Problems with electronic health records (EHR) can cause significant medical errors. Computers are not always 100% accurate, and the hospital staff should always double-check before administering treatment or releasing a patient from their care.
Hospitals with inadequate medical resources and insufficient funding in more rural areas of the country. These facilities often lack experienced professionals and are primarily staffed by nurse practitioners and locum tenens (travel doctors) who are only there for a short time.
Errors in communication can happen between the nurses and doctors or between the patients and staff. Information can easily be misinterpreted. It is crucial as a patient to truthfully fill out the questionnaire given before your medical procedure. If your medical injury is found to have happened because you were not truthful to the staff, a lawyer may find it difficult to charge a doctor with medical malpractice.
The Statute of Limitations on a medical malpractice claim can range anywhere from one year to five years in the United States. Certain states like California have two types. One is when the plaintiff sustains the injury, and the other is when the plaintiff discovers the injury.
For example, if you live in California, you have three years from the date of injury to file a medical malpractice claim ONLY if you were unaware of your injury. Once you are aware of your injury, the clock starts ticking, and you have one year to file a claim.
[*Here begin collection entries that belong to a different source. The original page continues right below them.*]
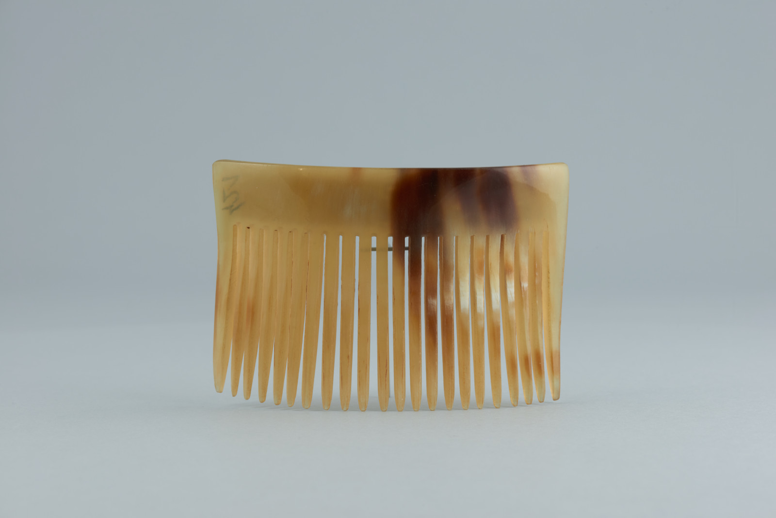 Hrebeň z rohoviny na zastoknutie do vlasov (na pridržanie účesu, ktorého bol súčasťou) je zhotovený zo širšej časti kravského rohu, mierne prehnutý, obdĺžnikový tvar. Hrebeň sa nosil ako súčiastka účesu ku kroju na východnom Slovensku.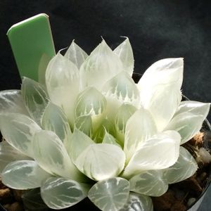 はい、今月の真白ちゃん こんなに白いのになんだか元気なので不思議 黄色じゃなくて本当に白系の色合いだしほぼ糊斑なのでちょっと異様な見た目 ・・・なのに根っこをやられても即復活の強さ
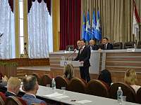 Перед открытием сессии глава города предоставил слово министру культуры, печати и по делам национальностей Республики Марий Эл Константину Иванову, который вручил Благодарственное письмо Главы Республики Марий Эл депутату городского Собрания, директору МАУ «Центр детского здорового питания г. Йошкар-Олы» Антону Волкову.
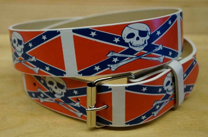 Gothic riem " Doodskoppen met rebel vlag " Rood, wit, blauw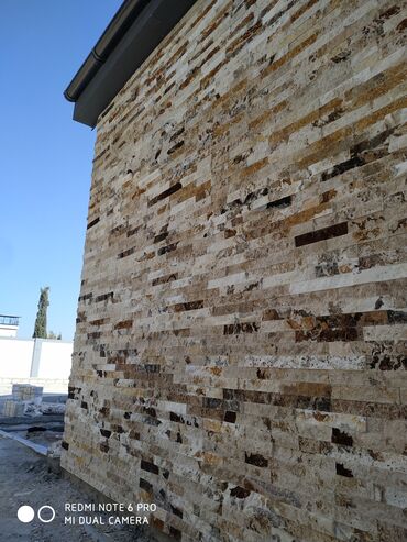 - Fasad üçün təbii daş mozaika üzlənməsi: müxtəlif bej, qəhvəyi və krem çalarlarında ensiz zolaqlı daşlar qatlama texnikası ilə divarda dekorativ tekstura effekti verir. Kənar və pəncərə ətraflarında profil keçidləri ilə işlənib.

Let's say you went to your primary care doctor for stomach pains. The doctor does a simple exam of your abdomen, blames it on indigestion, and doesn't order further tests. Two years later, you see a different doctor because the pain has gotten significantly worse. The second doctor makes you an appointment with a gastroenterologist, who orders bloodwork and a CT scan. This specialist finds a tumor. Receiving a diagnosis of cancer would be grounds to contact a law firm to bring a lawsuit against the first doctor for negligence.
Before hiring an attorney, please find your state below to see your statute of limitations :
Alabama- 2 years
Alaska- 2 years
Arizona- 2 years
Arkansas- 2 years
California- 1 year / 3 years
Colorado- 2 years
Connecticut- 2 years
Delaware- 2 years
District of Columbia- 3 years
Florida- 2 years
Georgia- 2 years
Hawaii- 2 years
Idaho- 2 years
Illinois- 2 years
Indiana- 2 years
Iowa- 2 years
Kansas- 2 years
Kentucky- 1 year
Louisiana- 1 year
Maine- 3 years
Maryland- 3 years / 5 years
Massachusetts- 3 years
Michigan- 2 years
Minnesota- 4 years
Mississippi- 2 years
Missouri- 2 years
Montana- 3 years
Nebraska- 2 years
Nevada- 3 years
New Hampshire- 2 years
New Jersey- 2 years
New Mexico- 3 years
New York- 2.5 years
North Carolina- 3 years
North Dakota- 2 years
Ohio- 1 year
Oklahoma- 2 years
Oregon- 2 years
Pennsylvania- 2 years
Rhode Island- 3 years
South Carolina- 3 years
South Dakota- 2 years
Tennessee- 1 year / 3 years
Texas- 2 years
Utah- 2 years
Vermont- 3 years
Virginia- 2 years
Washington- 3 years
West Virginia- 2 years
Wisconsin- 3 years
Wyoming- 2 years
Medical malpractice settlements will vary when it comes to how long it will take to settle.
The timeline does not start the second you contact a medical malpractice lawyer; it begins when the malpractice occurred. If you hold out on contacting an attorney, the legal process will take longer, and you will lose some credibility for waiting so long to file a claim.
How serious the incident was and the extent of injuries can cause the length of time to vary. Some insurance companies will wait to settle until the medical bills are all accounted for, and the victim is entirely healed. Your personal injury attorney can set up a medical lien, so you do not have to pay out of pocket. Once you win your case, all medical bills will be covered with part of the settlement.
If your case goes to trial, it will take significantly longer than if your case was to go into mediation. It is important that you do your research and hire a lawyer with expert legal experience inside and outside the courtroom.